== Assignment ==
Task for the records below: please retype exactly and only the lines from the first through the one with "home buyers. (id:51194)", with every picture omitted.

== Input data ==

-- Opening Marker --

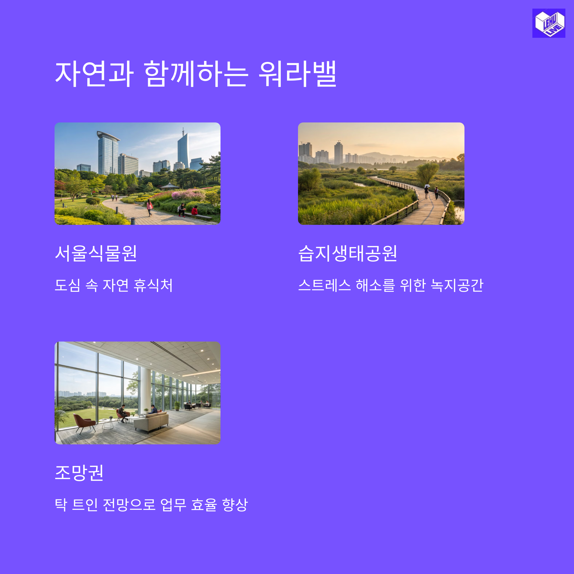 주요 인근 시설 서울식물원, 습지생태공원, 대기업 밀집
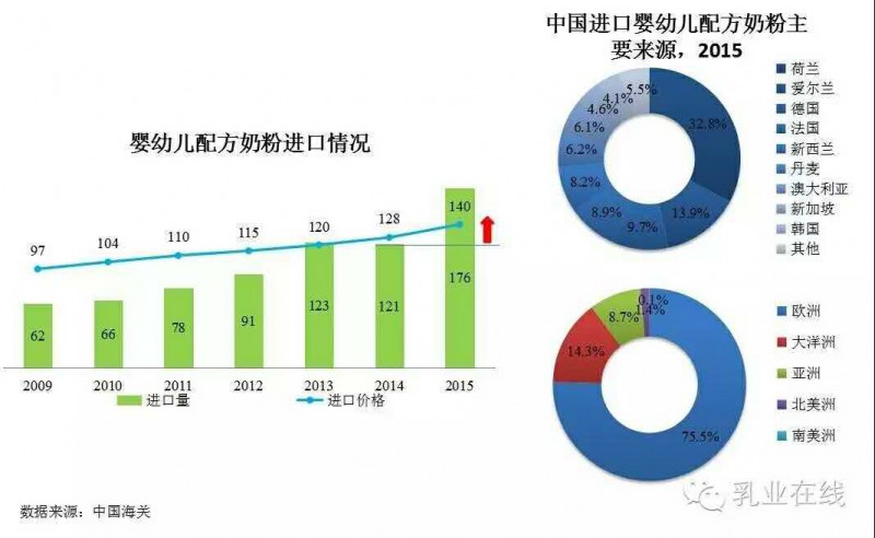 1.3中国婴幼儿配方奶粉进口量价齐升,以欧洲进口为主,德国、澳大利亚和荷兰进口量增幅最大。
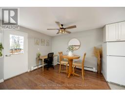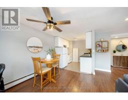 $565 MonthlyCute as a button and completely move-in ready, this 1 bedroom, 1 bathroom condo is ideally located in one of the best spots in town, just steps to downtown Georgetown, shops, and the local Farmers' Market. The bright and functional layout begins with a welcoming front foyer featuring ceramic tile flooring, a flush mount light, and a double mirrored closet offering ample storage. The living room showcases laminate flooring, recessed pot lights, a sunny south facing window, and a walk out to the balcony with open south facing views. The open concept dining area continues the laminate flooring, features a ceiling fan with integrated light, and shares access to the balcony, creating a seamless indoor outdoor living experience. The kitchen offers ceramic flooring, a mosaic tile backsplash, laminate countertops, a double stainless-steel sink, track lighting, and an open concept design ideal for everyday living. The spacious primary bedroom includes laminate flooring and a south facing window that fills the room with natural light. The renovated four-piece bathroom features a modern vanity with sink, updated vanity lighting, and a tub and shower combination with sliding glass doors. Ensuite laundry adds everyday convenience with a Bosch front load washer and dryer included. Additional highlights include one exclusive parking space, visitor parking, bike storage and a private storage locker located in the building. Maintenance fees are all inclusive, covering hydro, heat, and water. Ideally located close to schools, parks, and minutes to GO, this is the perfect opportunity for first time home buyers. (id:51194)
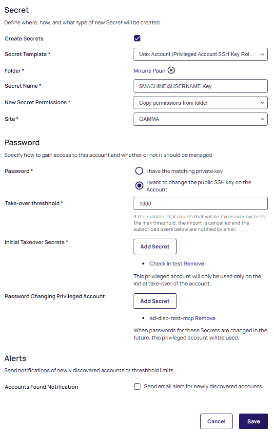 From the Secret Template dropdown list, choose one of the two options: Unix Account (SSH Key Rotation - No Password) or Unix Account (Privileged Account SSH Key Rotation - No Password).
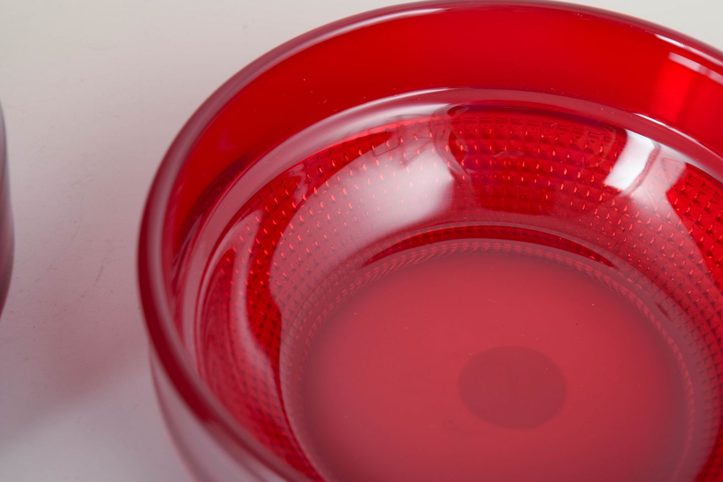 Set of four deep bowls in ruby-red art glass from Gullaskruf, model “Vineta,” known for its optical texture and intense colour saturation. A refined example of mid-century Swedish glass design.
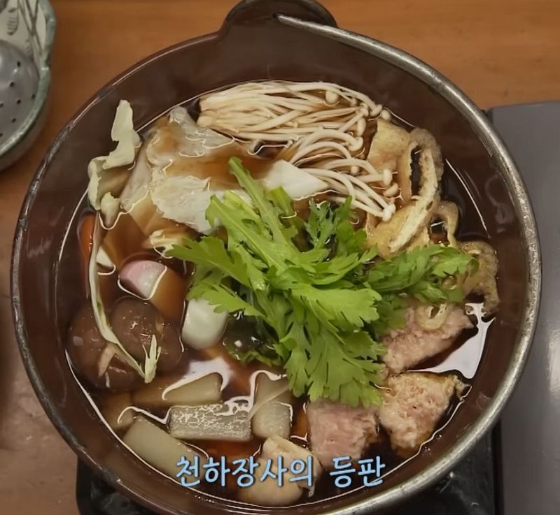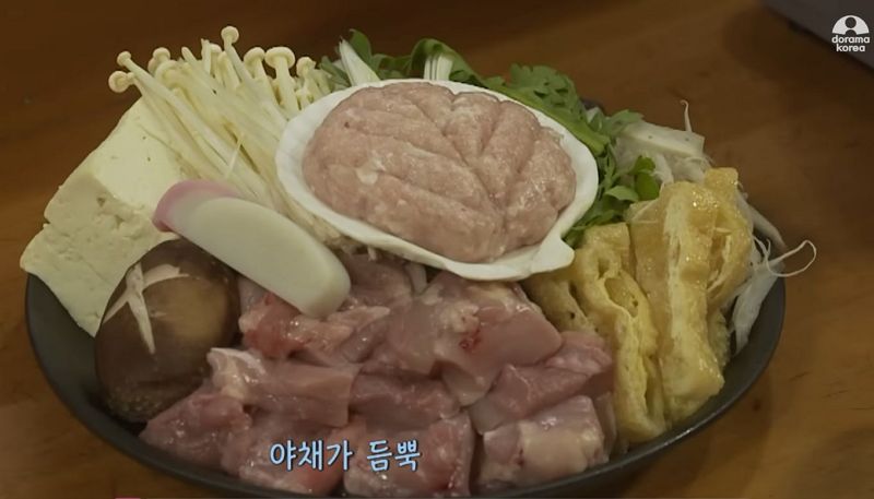 그리고 유부, 어묵, 두부, 채소(무, 쑥갓, 패랭이버섯, 대파, 표고버섯, 양배추, 양파 등) 등. 자세한 내용은 영상을 보세요.
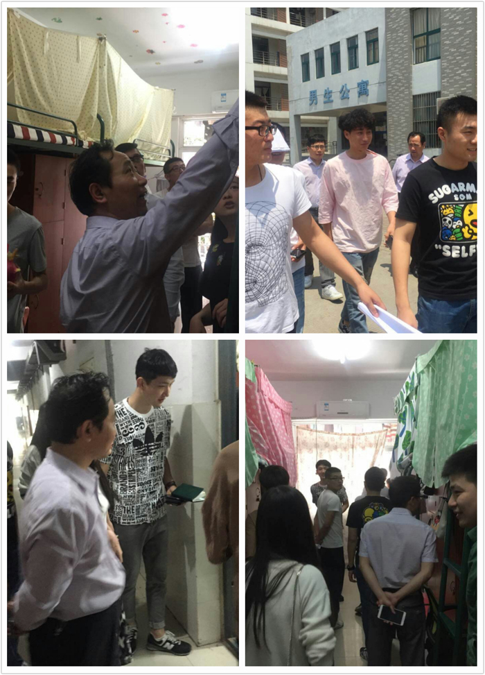 为推进我院的校园文明建设,塑造健康文明的宿舍生活环境,2016年5月19日中午由我系直属党支部书记董兆和、主任助理汪晓明和吴彬、学管主任冯传胜、团总支书记曹磊和副书记常昕等老师在各班班长、团支书的陪同下检查了我系学生寝室。
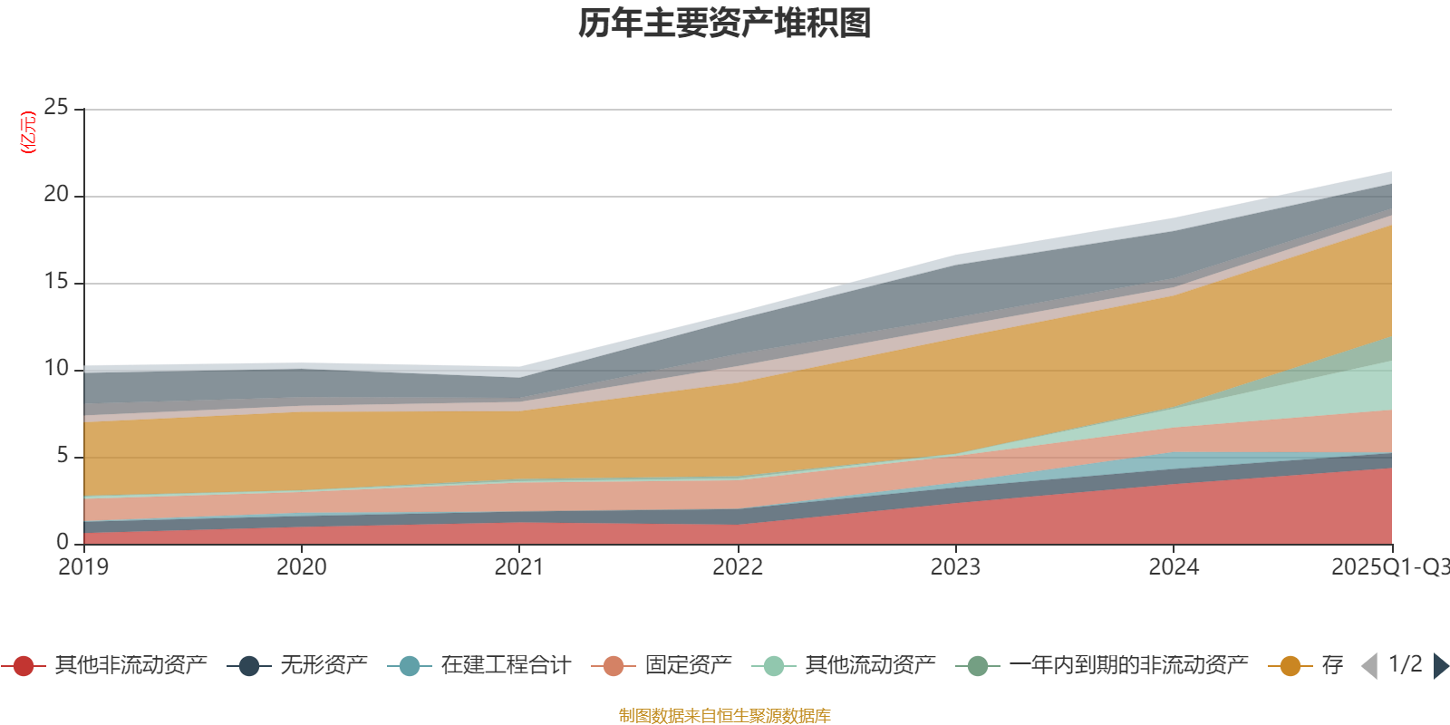 资产重大变化方面,截至2025年三季度末,公司货币资金较上年末减少47.67%,占公司总资产比重下降7.87个百分点;其他流动资产较上年末增加159.77%,占公司总资产比重上升7.4个百分点;一年内到期的非流动资产较上年末增加1260.88%,占公司总资产比重上升6.02个百分点;在建工程合计较上年末减少96.49%,占公司总资产比重下降5.02个百分点。
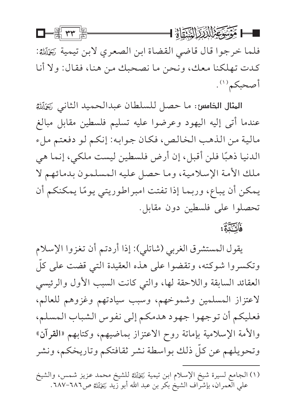 (¬١). الجامع لسيرة شيخ الإسلام ابن تيمية - رحمه الله - للشيخ محمد عزيز شمس، والشيخ علي العمران، بإشراف الشيخ بكر بن عبد الله أبو زيد - رحمه الله - ص ٦٨٦ - ٦٨٧.
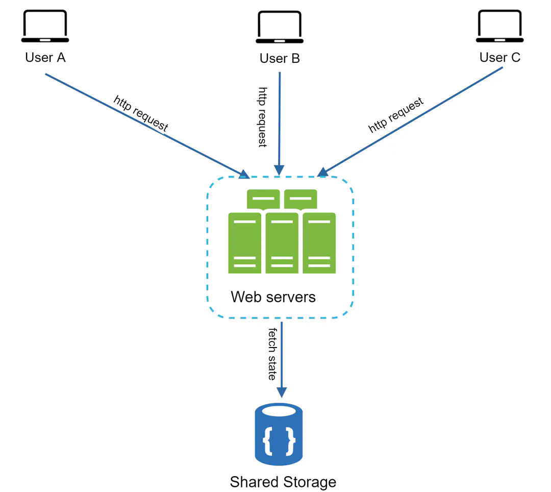 In this stateless architecture, HTTP requests from users can be sent to any web servers, which fetch state data from a shared data store. State data is stored in a shared data store and kept out of web servers. A stateless system is simpler, more robust, and scalable.

-- Closing Marker --

== Expected output ==
 주요 인근 시설 서울식물원, 습지생태공원, 대기업 밀집
 1.3中国婴幼儿配方奶粉进口量价齐升,以欧洲进口为主,德国、澳大利亚和荷兰进口量增幅最大。
 $565 MonthlyCute as a button and completely move-in ready, this 1 bedroom, 1 bathroom condo is ideally located in one of the best spots in town, just steps to downtown Georgetown, shops, and the local Farmers' Market. The bright and functional layout begins with a welcoming front foyer featuring ceramic tile flooring, a flush mount light, and a double mirrored closet offering ample storage. The living room showcases laminate flooring, recessed pot lights, a sunny south facing window, and a walk out to the balcony with open south facing views. The open concept dining area continues the laminate flooring, features a ceiling fan with integrated light, and shares access to the balcony, creating a seamless indoor outdoor living experience. The kitchen offers ceramic flooring, a mosaic tile backsplash, laminate countertops, a double stainless-steel sink, track lighting, and an open concept design ideal for everyday living. The spacious primary bedroom includes laminate flooring and a south facing window that fills the room with natural light. The renovated four-piece bathroom features a modern vanity with sink, updated vanity lighting, and a tub and shower combination with sliding glass doors. Ensuite laundry adds everyday convenience with a Bosch front load washer and dryer included. Additional highlights include one exclusive parking space, visitor parking, bike storage and a private storage locker located in the building. Maintenance fees are all inclusive, covering hydro, heat, and water. Ideally located close to schools, parks, and minutes to GO, this is the perfect opportunity for first time home buyers. (id:51194)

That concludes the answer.